As we have gathered over the past several days and shared stories and memories, I have felt envious of my three youngest siblings who had the opportunity, as our oldest sister and I did not, to live day-to-day for many years with our stepfather. I was living across the country when my mother and Kenny met and, beyond an occasional extended visit, I never lived here in Wright County.


On Tuesday, my youngest sister, an aunt, and I joined my mother at her house. On Wednesday, my carpenter sister returned from vacation to join us. My brother arrived from Denver on Thursday. With the arrival of our oldest sister today, all of us are together for the first time since the somewhat-expected-but-unbelievable happened.



Throughout the week, we have had an awareness that the news of Kenny's passing, at home and at night, was rippling out to the extended network of his friends and family of 84 years. This is similar to the way that news of a whirlwind courtship emanated from these environs during the spring of 1971.


In addition to brief phone calls, I relied on letters to keep me posted. First came a letter from my godmother, in March, 1971: "Your mother has met a man." Then, in a letter from mother, he had a name: Kenny. In a subsequent letter, she shared news of one of their first dates, on Apr. 10, the day before Easter, at the Monti Club in Monticello: "He seems to know a lot of people around there." [He hailed from a family of 12 children, each of them networked with hundreds of others in ways that only Facebook could hope to unravel.]


A letter from my youngest sister, age 10 at the time, told of Kenny's first date with just the three kids: "It was May 2nd, to be exact," she wrote. He introduced them to his farm and had them painting fences.


Mother and Kenny married in July.


As we sorted through pictures for the display boards this week, it was clear that, when it came to being the subject of photos, Kenny always took a good picture.
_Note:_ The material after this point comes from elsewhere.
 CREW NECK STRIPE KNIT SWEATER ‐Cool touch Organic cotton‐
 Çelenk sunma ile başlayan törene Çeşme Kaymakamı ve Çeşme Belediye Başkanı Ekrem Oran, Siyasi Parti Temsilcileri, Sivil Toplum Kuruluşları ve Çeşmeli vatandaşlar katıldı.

He is smiling in nearly every one, just as he is now, lying in repose.


More than anyone else I know, Kenny took seriously the dictates of the Old and New Testaments to practice hospitality. His farm, and later his home in town, was the destination of a regular and unending stream of visitors, young and old, from all walks of life. All were welcome. Always.


All of us do our best to deal with what life throws at us. Like all of us, Kenny did not have – or was not able to give – everything that someone else might need in a given circumstance. Unlike some of us, however, Kenny always gave everything he had when it was needed.
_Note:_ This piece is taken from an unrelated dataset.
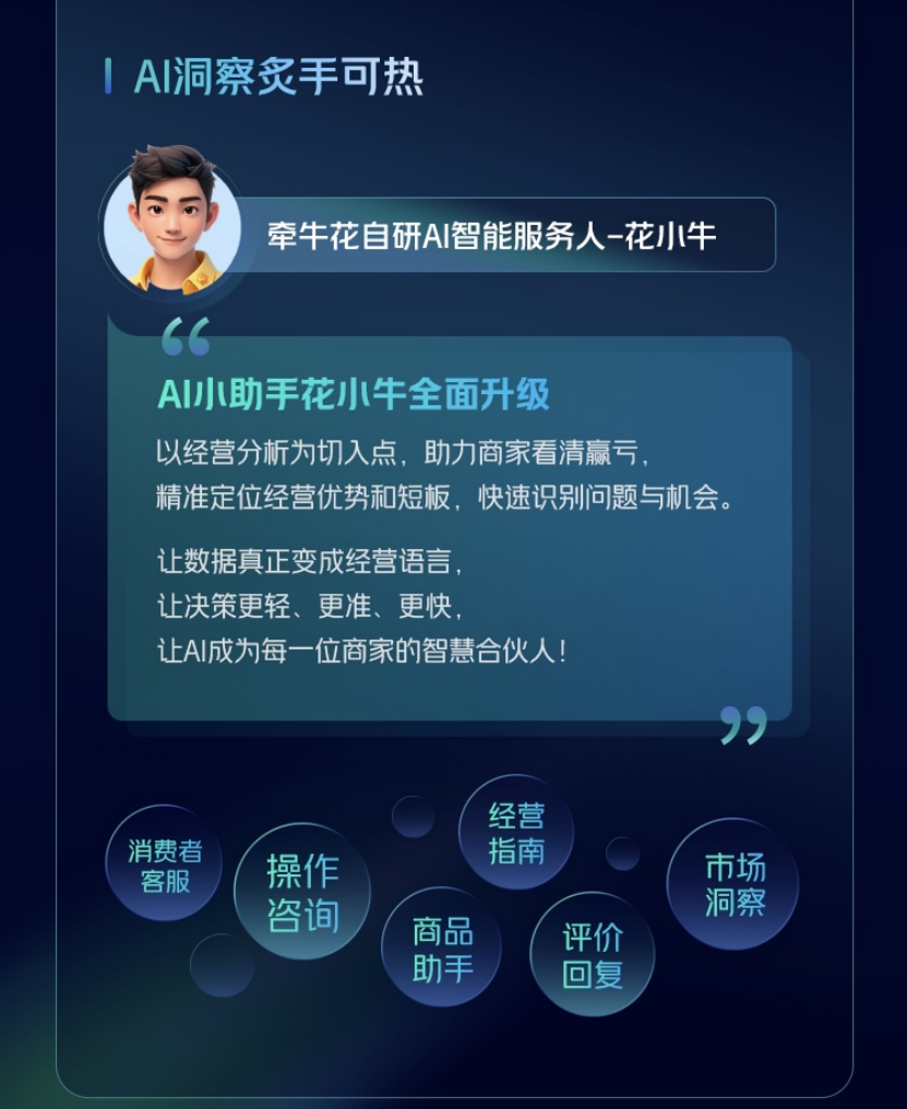 日前,美團(tuán)牽;ㄅe行2025年合作伙伴大會(huì),針對(duì)全行業(yè)商家的經(jīng)營(yíng)痛點(diǎn),升級(jí)發(fā)布全自研的AI經(jīng)營(yíng)助手“花小!保瑸槿袠I(yè)零售商家打造門檻最低、最易用的AI經(jīng)營(yíng)工具:幫助商家基于AI數(shù)據(jù)分析獲得精準(zhǔn)的市場(chǎng)洞察,作出科學(xué)經(jīng)營(yíng)決策;應(yīng)用AI美化商品圖片;快速智能為消費(fèi)者答疑、回復(fù)消費(fèi)者評(píng)價(jià);幫助商家解答系統(tǒng)操作問題。

ADDENDUM [01/04/09]: Kenny was buried yesterday at Crystal Lake Cemetery in Minneapolis. His death last Tuesday marked the end of both an era and an extraordinary number of departures from my circle during 2008. Last Monday, I received word that Jennifer, a friend since 1970, had died that morning in Australia. In October, two political friends of longstanding, Allan Spear and Gene Lourey, passed away, as did Sam, a friend and arts patron. Jim Dusso, a longtime arts advocate, departed in September. The mother of an artist friend died in an auto accident in August. My father's cousin took his leave, at 102, in July. The mother of my best high school friend died in April. In February, another political friend, David, and the father of another good friend passed away. Last January, I gathered with others to celebrate the life of a friend and former employer. On the same day that Kenny left us, the final court proceedings took place by which a sister and brother-in-law adopted J and R, my brother-in-law's nephews. Blessings on them all.